▶ YOUR TASK
A picture-free, exact reproduction of the listing that follows is required.

▶ DATA PROVIDED
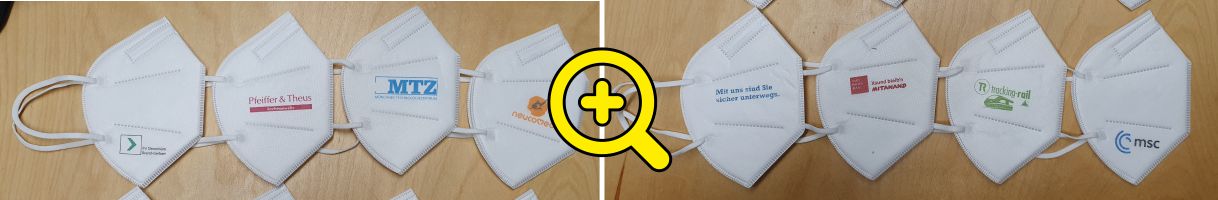 Mit der Erfahrung von mehreren Million bedruckten FFP2 Masken, drucken wir jedes Logo sicher und präzise auf jede Maske!
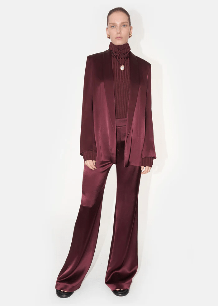 Cat Deeley Oxblood Satin Suit This Morning October 2024
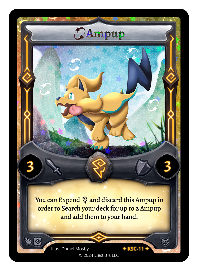 Ampup❮❯❮❯❮❯BS1-056BS1-056KSC-11TypeElestralCostThunderElementsThunderAttack3Defense3Card TextYou can Expend {T} and discard this Ampup in order to Search your deck for up to 2 Ampup and add them to your hand.SubclassesBrute

▶ PROBLEM SOLUTION
 Mit der Erfahrung von mehreren Million bedruckten FFP2 Masken, drucken wir jedes Logo sicher und präzise auf jede Maske!
 Cat Deeley Oxblood Satin Suit This Morning October 2024
 Ampup❮❯❮❯❮❯BS1-056BS1-056KSC-11TypeElestralCostThunderElementsThunderAttack3Defense3Card TextYou can Expend {T} and discard this Ampup in order to Search your deck for up to 2 Ampup and add them to your hand.SubclassesBrute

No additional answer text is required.